Albanian University
- Motto: Një emër i madh shqiptar
- Type: private
- Established: April 10, 2004
- Rector: Kaliopi Naska
- Location: Tirana, Albania
- Website: albanianuniversity.edu.al

= Albanian University =

Private university in Tirana, Albania

The Albanian University is a private higher education institution in Albania. Licensed by the Council of Ministers, no. 697 dated 18 June 2009, it opened in the academic year 2009-2010, offering programs in two faculties: Faculty of Social Sciences (programs in Science Teaching Legal, Political Science and Psychology General Administration) and the Faculty of Economics with Learning programs in Banking and Finance-Business Administration. During the first academic year, about 1,000 students attended studies.
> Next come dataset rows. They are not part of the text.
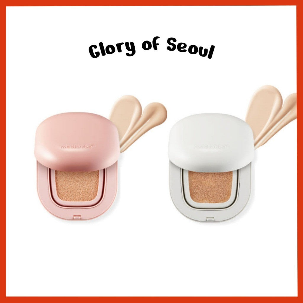 MEDICUBE Pro Glutathione Cushion, 15g 2Types (Glow / Velvet) | SPF40 PA++ 1. MEDICUBE Pro Glutathione Glow Cushion 15g This cushion gives your skin a long-lasting glow while covering blemishes, redness, and pore naturally. Contains Glutathione and Collagen to create a healthy glow and give a lifting effect. 4-layered premium puff adheres to your skin tightly with a comfortable finish. Triple functional product for brightening, wrinkle improvement, and UV protection. 2. MEDICUBE Pro Glutathione Velvet Cushion 15g This cushion provides strong cover for skin texture and blemishes with a velvet matte finish. Contains Glutathione and aqua ceramide to provide a long-lasting flawless skin look. 4-layered premium puff adheres to your skin tightly with a comfortable finish. Triple functional product for brightening, wrinkle improvement, and UV protection. - Colors: #21 Ivory. #23 Beige - How to use Take an appropriate amount of the contents onto the puff and pat along the skin texture to adhere it to the skin. * Be sure to close the lid of the container containing the contents after use. If you do not close the lid after use, the moisturizing and other ingredients that are effective for the skin may evaporate, causing the contents to shrink.
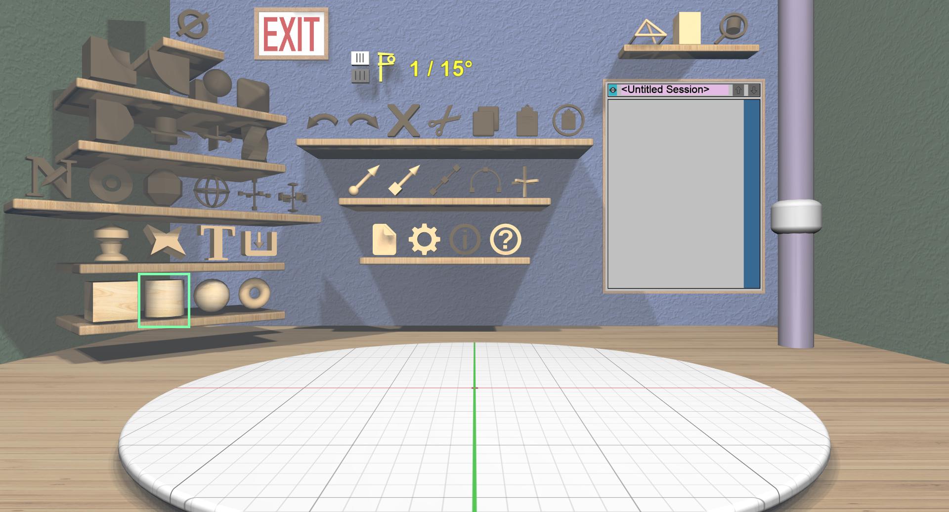 Click on the 3D cylinder icon on the bottom-left shelf to add a cylinder. Like the torus, the cylinder has specialized handles for changing the top and bottom diameters, but you won’t need them right now.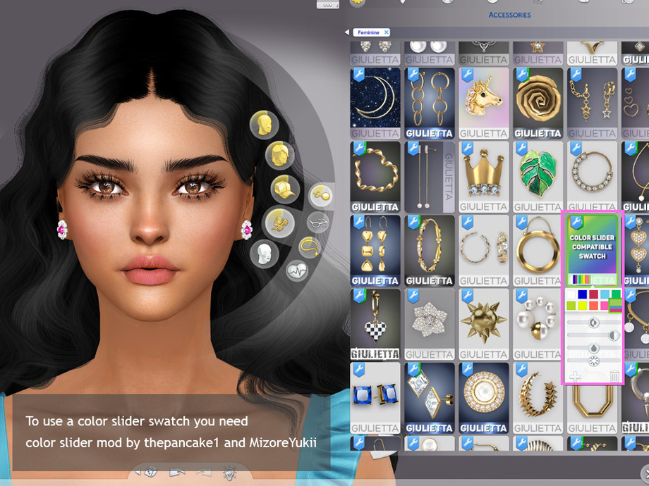 Timeless Gemstone Stud Earrings come with 10 swatches, and 11th swatch is compatible with UI color slider mod by thepancake1 and MizoreYukii.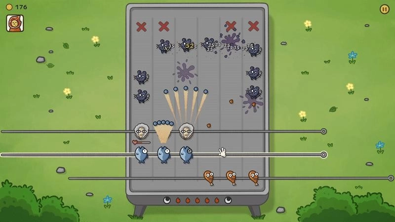 *战斗界面 - 拖拽烤串抵御鼠鼠进攻*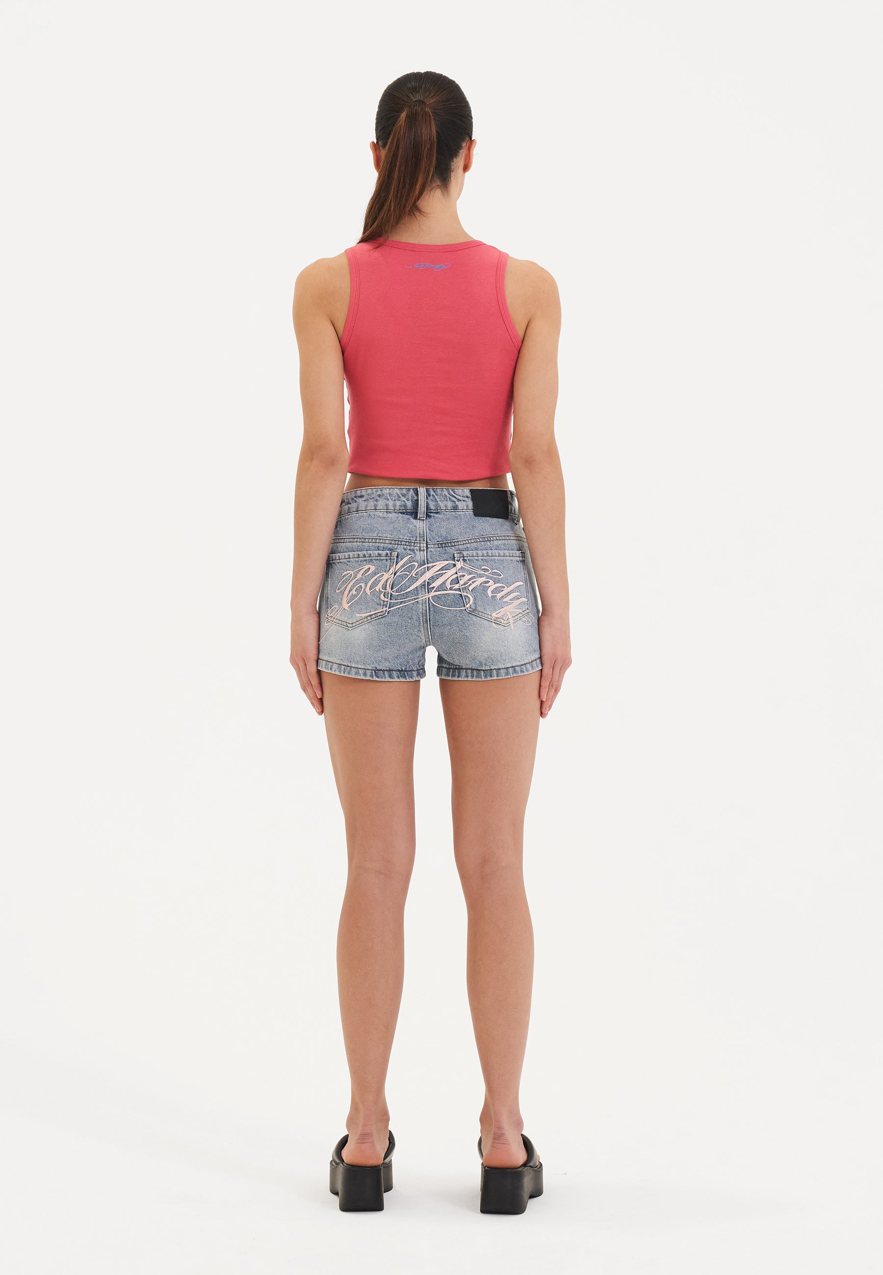 Designet med sommerfestivaler i fokus, dette letblegede par har tonalt grafisk broderi, der tilbyder en alsidig og vigtig tilføjelse til din Ed Hardy-kollektion.

A year later, this new institution offered undergraduate degrees in study programs: Preschool Teacher Education, Primary Education Teacher, English Language, Nursing, Engineering Computer and Information Technology, thus finalising the 2010-2011 academic year with the opening of two new faculties: Faculty of Medical Sciences and the Faculty of Architecture and Engineering. Academic Year 2010-2011 finds the University of Berat with about 2600 students in the first cycle of study.

== History ==
Albanian University (AU) is part of the company "UFO SHPK" established on 25.05.1994, and registered under the legislation in force with the National Registration Center, with unique identification number J82025002B. AU was established in accordance with the legislation in force by Decision No. 197 of the Council of Ministers, dated 10.04.2004 "On granting permission for the opening of the private university "UFO dental"". By Decision No. 597 of the Council of Ministers, dated 28.05.2009 the name of the private university "UFO dental" changed to "UFO University". In accordance with the legislation in force and by Decision No. 603 of the Council of Ministers, dated 24.08.2011 the name of the private university "UFO University" was changed to "Albanian University".